Cost at inference scale. An APAC e-commerce platform generating 10 million AI-assisted product descriptions per month at $0.002 per thousand output tokens pays $20,000 per month in inference costs — with no GPU ownership. Self-hosted inference on 4× A100 80GB nodes in Singapore colocation can serve the same workload for $8,000 per month in GPU rental, with marginal cost declining as utilization increases.
Model customization requirements. APAC enterprises investing in fine-tuned models for Japanese customer service, Bahasa Indonesia document processing, or Traditional Chinese financial text cannot serve those models through external API providers. Self-hosted inference is the only path to deploying proprietary fine-tunes at scale.
vLLM, Ollama, and LiteLLM form a coherent APAC LLM infrastructure stack — production GPU serving, developer workstation access, and unified routing proxy — covering the full lifecycle from local APAC developer experimentation to production APAC inference deployment.
vLLM: Production LLM Serving for APAC GPU Infrastructure
PagedAttention and APAC throughput economics
vLLM is the dominant open-source LLM inference server for GPU clusters, developed at UC Berkeley and now maintained by the vLLM community with contributions from NVIDIA, AMD, and major APAC hyperscalers. Its defining technical contribution is PagedAttention — a KV cache management algorithm that borrows from OS virtual memory paging to eliminate the GPU memory fragmentation that makes naive LLM inference servers inefficient.
The practical implication for APAC GPU infrastructure: vLLM can serve 2-4× more concurrent users per GPU compared to naïve implementations, because it eliminates the KV cache reservation overhead that wastes 60-80% of allocated GPU memory in standard serving approaches.
For APAC enterprises paying $2-4 per GPU-hour in Singapore, Tokyo, or Sydney colocation, the 2-4× throughput improvement translates directly to infrastructure cost reduction.
vLLM deployment for APAC production workloads
# Install vLLM (requires CUDA 11.8+ and Python 3.9+)
pip install vllm
# Serve Llama 3.1 8B on single GPU (APAC dev environment)
python -m vllm.entrypoints.openai.api_server \
--model meta-llama/Llama-3.1-8B-Instruct \
--host 0.0.0.0 \
--port 8000 \
--max-model-len 8192
# Serve Qwen2.5 72B on multi-GPU (APAC production: 4× A100)

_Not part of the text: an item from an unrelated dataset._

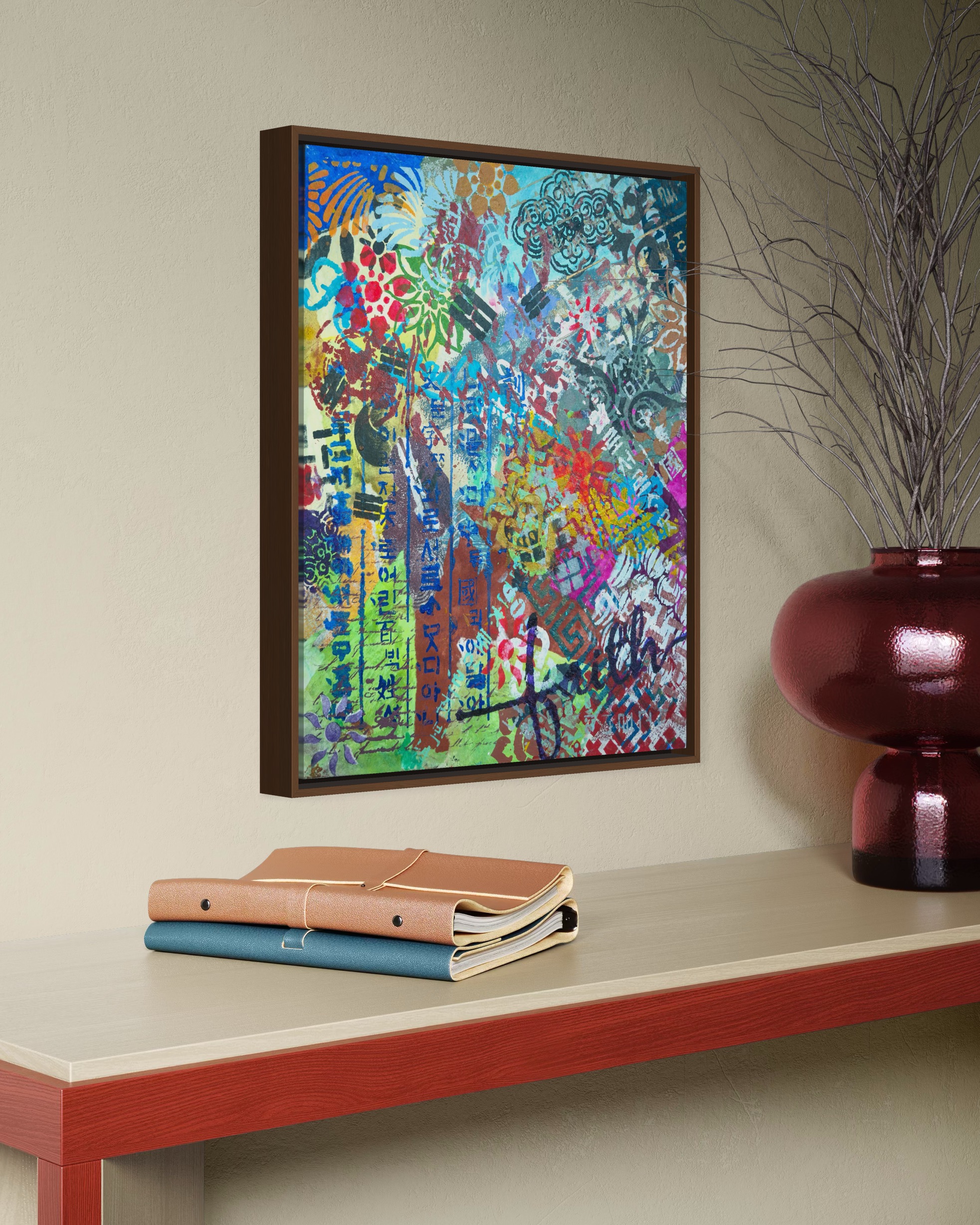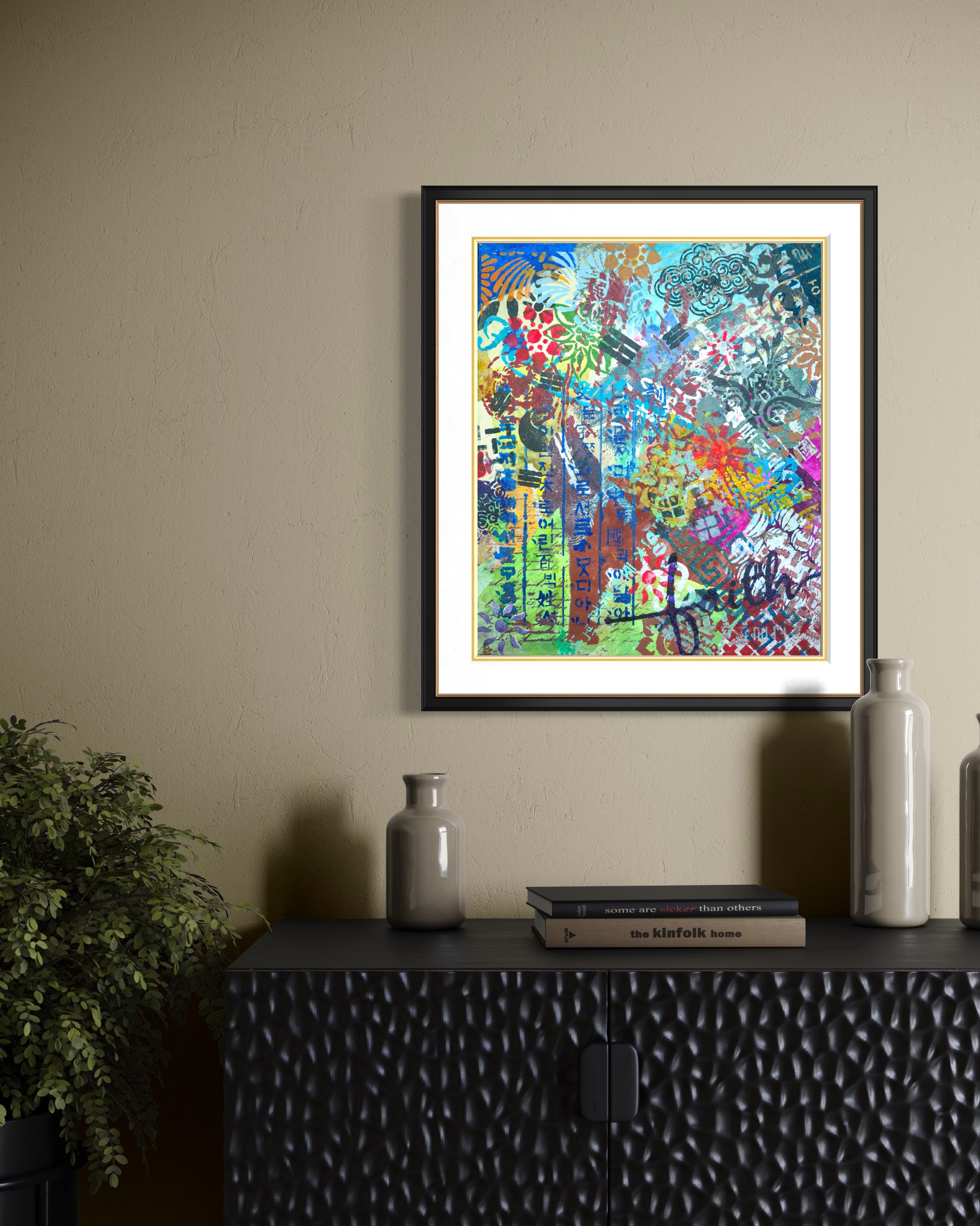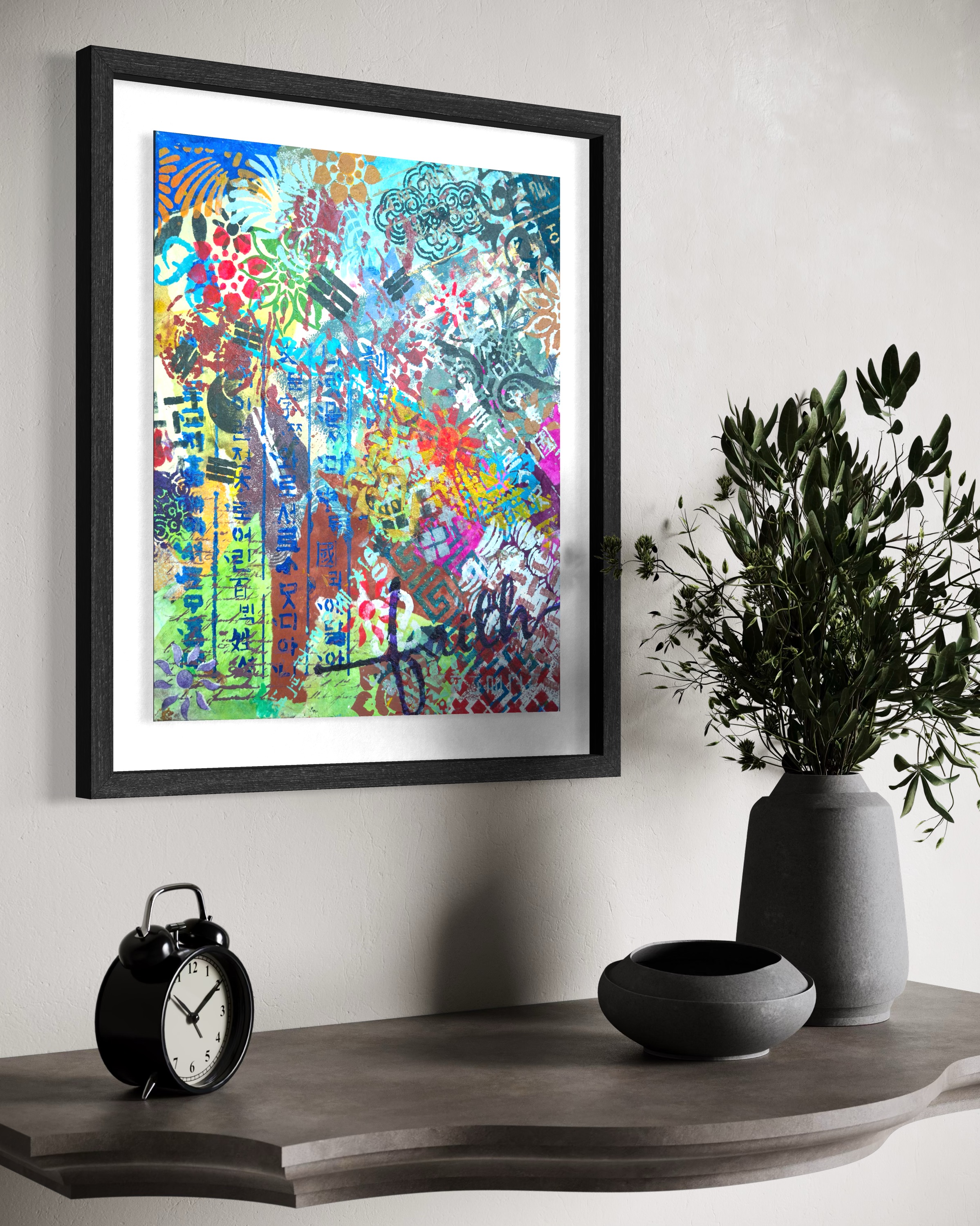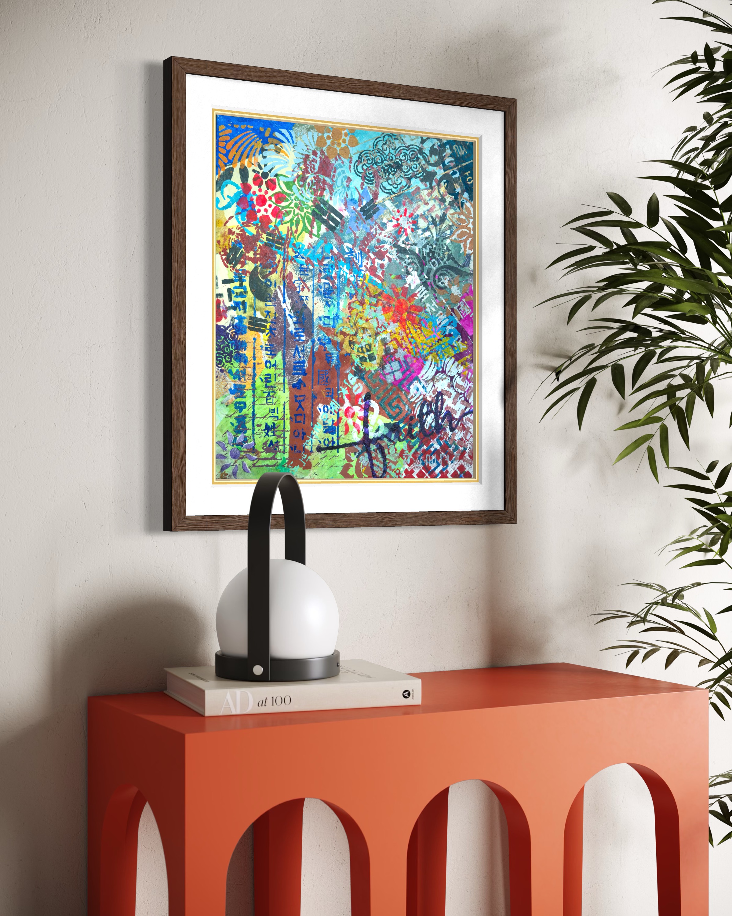 Vertically along the margin, Hangul characters in dark indigo stencil. The positioning insists on its own logic. This descent mirrors a generational experience. The artist grew up in a time when Western forms seemed the default template for modernity. To be contemporary meant to move away from the local. The childhood dream was to escape into Western visual culture. Now the vectors have reversed. K-culture occupies global space without asking permission. The artist finds herself in a strange position: what she spent her youth seeking externally is now available internally. The question is no longer "How do I access the global?" but "Now that the global has come home, who am I?"

python -m vllm.entrypoints.openai.api_server \
--model Qwen/Qwen2.5-72B-Instruct \
--tensor-parallel-size 4 \
--host 0.0.0.0 \
--port 8000 \
--max-model-len 32768 \
--gpu-memory-utilization 0.90
vLLM exposes an OpenAI-compatible API — the same endpoint format as api.openai.com/v1/chat/completions — so APAC applications built against the OpenAI SDK can switch to self-hosted vLLM by changing the base_url parameter, with no application code changes.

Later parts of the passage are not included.